● **WHAT TO WORK ON**:
Please set down each entry exactly, omitting any picture it holds.

● **Records from a dataset**:
'''
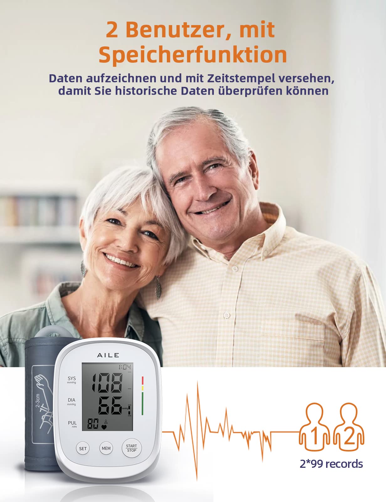 - šć2 Users Mode & 99 MemoryćAILE blood pressure monitor with large cuff recording allows 2 users to store readings independently. This small monitor can store up to 198 readings for 2 users (99 readings each) with a time stamp, which is convenient for monitoring historical data. The average of the last three readings is automatically displayed, much better than manual blood pressure monitors.
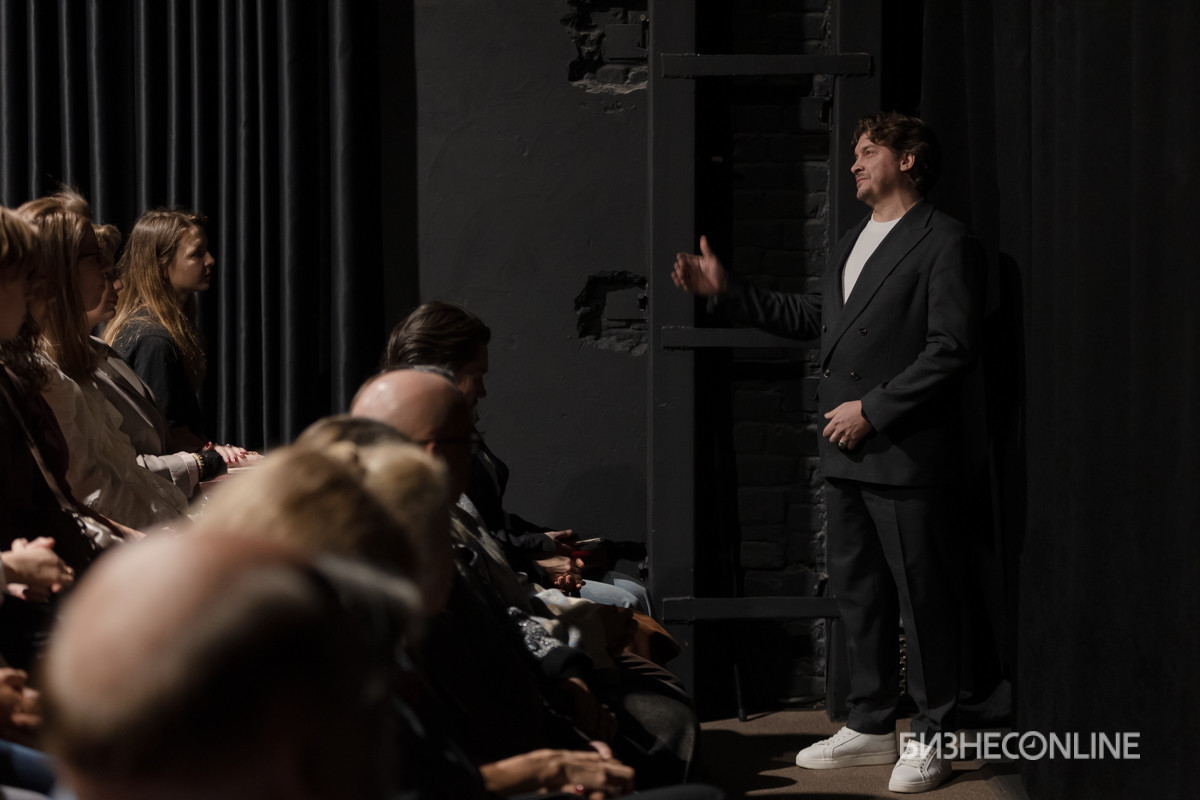 «Радостно, что многие из наших друзей приехали именно по случаю 10-го сезона театра. Говорить „10-й сезон“ очень необычно для нас. Как-то это очень весомо звучит. 8 лет назад (потому что начинали мы не здесь, а на чердаке) я вот так же выходил. Автоматического занавеса еще не было, сиденья не такие удобные, а были обычные пластиковые стулья из IKEA. И вот наступает 10-й сезон. Мы долго думали, как отметить, как понять, что это не сон для нашего маленького камерного театра. И поняли, что хотим с вами поделиться тем, что у нас родилось за эти 10 сезонов», — отметил художественный руководитель театра Михаил Волконадский.
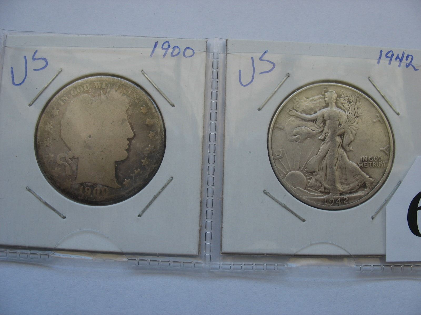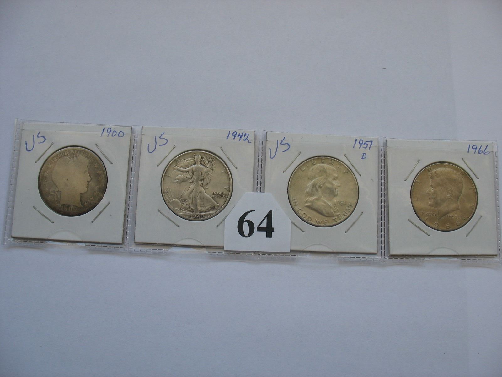 US Half Dollars Lot (1900, 1942, 1951, 1966)
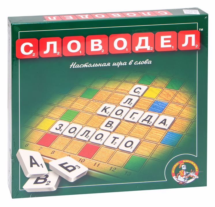 Эта интеллектуальная игра – IQ-тренажер по методу Монтессори, с ним вы прокачиваете мозг и учитесь молниеносно придумывать новые слова. Настольная игра "Словодел", непременно понравится вашему ребенку и займет его внимание надолго. В начале игры, фишки выкладываются картинками вниз, перемешиваются и каждый игрок берет по семь фишек. Первое слово располагается так, чтобы оно пересекало коричневую клетку в центре поля. Слова составляются по вертикали и горизонтали и должны читаться сверху вниз, либо слева направо.
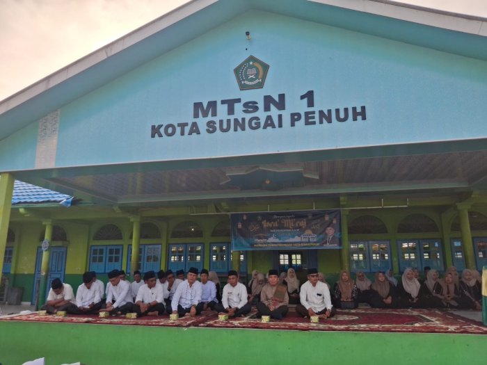 Sungai Penuh(MTsN 1 Kota Sungai Penuh) - MTsN 1 Kota Sungai Penuh menggelar peringatan Isra Mikraj Nabi Muhammad SAW yang berlangsung khidmat di lapangan Madrasah. Kegiatan ini diikuti oleh seluruh siswa, tenaga pendidik, dan tenaga kependidikan MTsN 1 Kota Sungai Penuh. Sabtu 17 Januari 2026
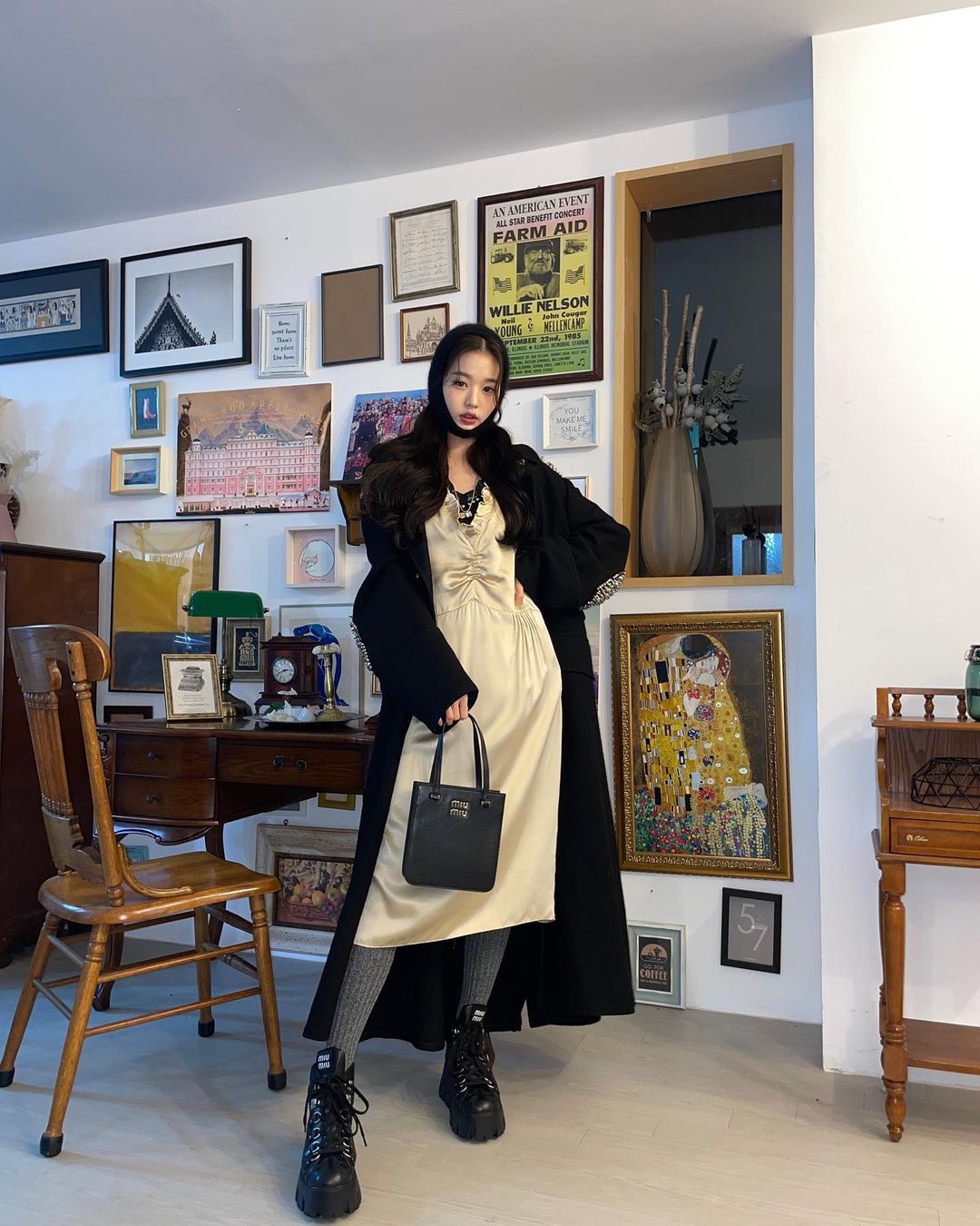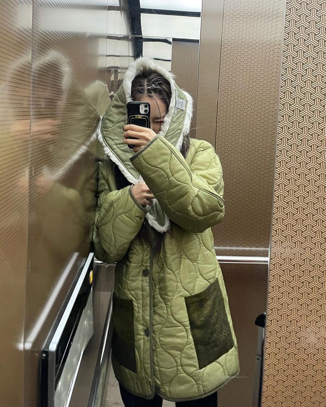 눈이 오는 한 겨울에도 편하게 신을 수 있는 부츠를 찾는다면 모델 아이린이 착용한 패딩 부츠가 제격.
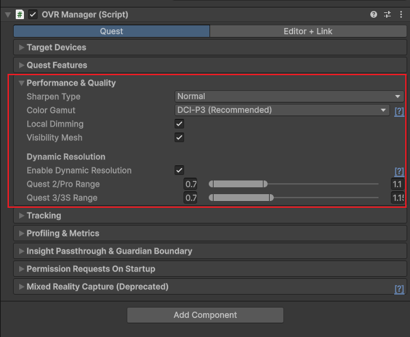 저의 경우 Open XR Plugin을 쓰면서 OVR Manager 테스트를 하고 있기에 이쪽에서 Dynamic Resolution 을 세팅해주고 있습니다.
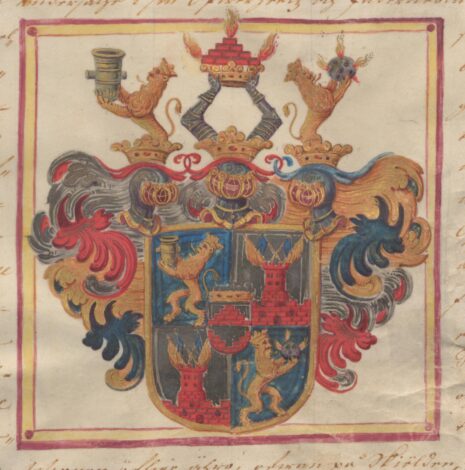”… En Sköldh i fyra fördelt, bestående af twenne leyon och twenne Murar, uthi hwardere Muren, fyra Fahnor, och gamble Wapnet mit uthi; Trenne Tornerehielmar, sådane som på frijherre Wapnen öflige ähro, ofwan på Skiölden, uthur den ene som mit uthi ståår, stijga twanne Armar opp som oppehålla en Steengafwel medh tree der uthur upstigande eldzflammor, äfwen som uppå dhet gambla Wapnet och uthur den högre ett Leyon oprättstående, hållandes medh begge Kloarne een fyrmysa , och uthur den Wänstre ett lijka leyon, hållandes en Kuhla i den högre fothen, aldeles som Wapnet ståår här afmåhlat.”
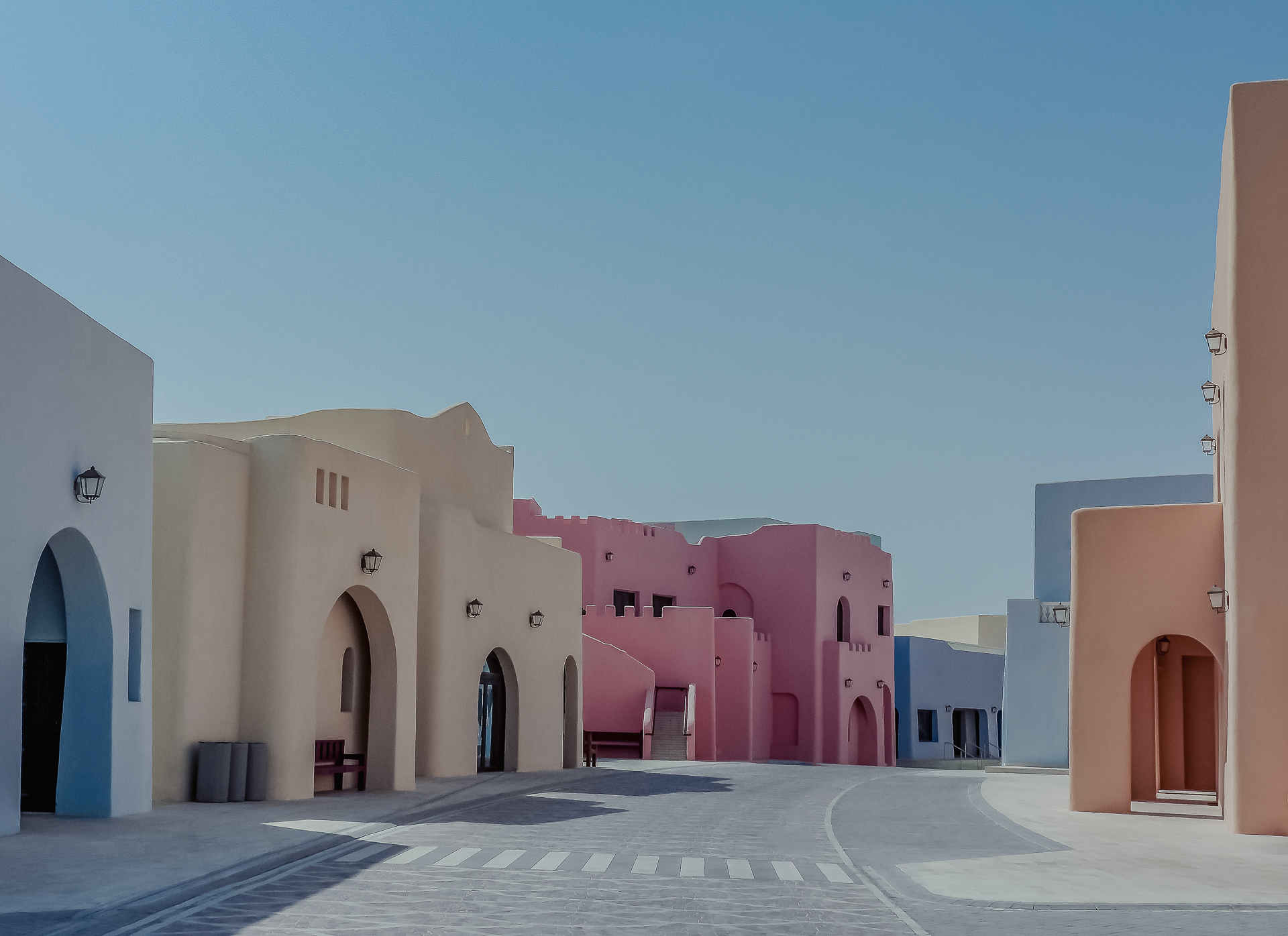 Mina District located on the Old Port in Doha city,Qatar. Mina District a picturesque neighbourhood of quaint cobbled streets and pastel coloured buildings. This whole district is a great spot for photography lovers. There are usually a lot of people in the area, but this photo was taken on a very hot day when there were no people on the street.
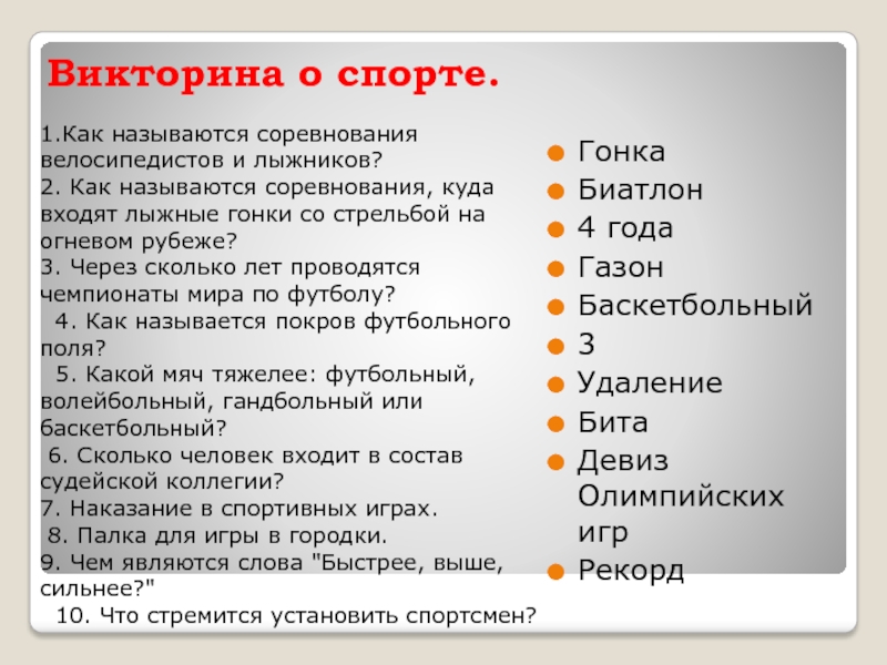 Слайд 14Викторина о спорте.
'''
● **EXERCISE RESULT**:
 - šć2 Users Mode & 99 MemoryćAILE blood pressure monitor with large cuff recording allows 2 users to store readings independently. This small monitor can store up to 198 readings for 2 users (99 readings each) with a time stamp, which is convenient for monitoring historical data. The average of the last three readings is automatically displayed, much better than manual blood pressure monitors.
 «Радостно, что многие из наших друзей приехали именно по случаю 10-го сезона театра. Говорить „10-й сезон“ очень необычно для нас. Как-то это очень весомо звучит. 8 лет назад (потому что начинали мы не здесь, а на чердаке) я вот так же выходил. Автоматического занавеса еще не было, сиденья не такие удобные, а были обычные пластиковые стулья из IKEA. И вот наступает 10-й сезон. Мы долго думали, как отметить, как понять, что это не сон для нашего маленького камерного театра. И поняли, что хотим с вами поделиться тем, что у нас родилось за эти 10 сезонов», — отметил художественный руководитель театра Михаил Волконадский.
 US Half Dollars Lot (1900, 1942, 1951, 1966)
 Эта интеллектуальная игра – IQ-тренажер по методу Монтессори, с ним вы прокачиваете мозг и учитесь молниеносно придумывать новые слова. Настольная игра "Словодел", непременно понравится вашему ребенку и займет его внимание надолго. В начале игры, фишки выкладываются картинками вниз, перемешиваются и каждый игрок берет по семь фишек. Первое слово располагается так, чтобы оно пересекало коричневую клетку в центре поля. Слова составляются по вертикали и горизонтали и должны читаться сверху вниз, либо слева направо.
 Sungai Penuh(MTsN 1 Kota Sungai Penuh) - MTsN 1 Kota Sungai Penuh menggelar peringatan Isra Mikraj Nabi Muhammad SAW yang berlangsung khidmat di lapangan Madrasah. Kegiatan ini diikuti oleh seluruh siswa, tenaga pendidik, dan tenaga kependidikan MTsN 1 Kota Sungai Penuh. Sabtu 17 Januari 2026
 눈이 오는 한 겨울에도 편하게 신을 수 있는 부츠를 찾는다면 모델 아이린이 착용한 패딩 부츠가 제격.
 저의 경우 Open XR Plugin을 쓰면서 OVR Manager 테스트를 하고 있기에 이쪽에서 Dynamic Resolution 을 세팅해주고 있습니다.
”… En Sköldh i fyra fördelt, bestående af twenne leyon och twenne Murar, uthi hwardere Muren, fyra Fahnor, och gamble Wapnet mit uthi; Trenne Tornerehielmar, sådane som på frijherre Wapnen öflige ähro, ofwan på Skiölden, uthur den ene som mit uthi ståår, stijga twanne Armar opp som oppehålla en Steengafwel medh tree der uthur upstigande eldzflammor, äfwen som uppå dhet gambla Wapnet och uthur den högre ett Leyon oprättstående, hållandes medh begge Kloarne een fyrmysa , och uthur den Wänstre ett lijka leyon, hållandes en Kuhla i den högre fothen, aldeles som Wapnet ståår här afmåhlat.”
 Mina District located on the Old Port in Doha city,Qatar. Mina District a picturesque neighbourhood of quaint cobbled streets and pastel coloured buildings. This whole district is a great spot for photography lovers. There are usually a lot of people in the area, but this photo was taken on a very hot day when there were no people on the street.
 Слайд 14Викторина о спорте.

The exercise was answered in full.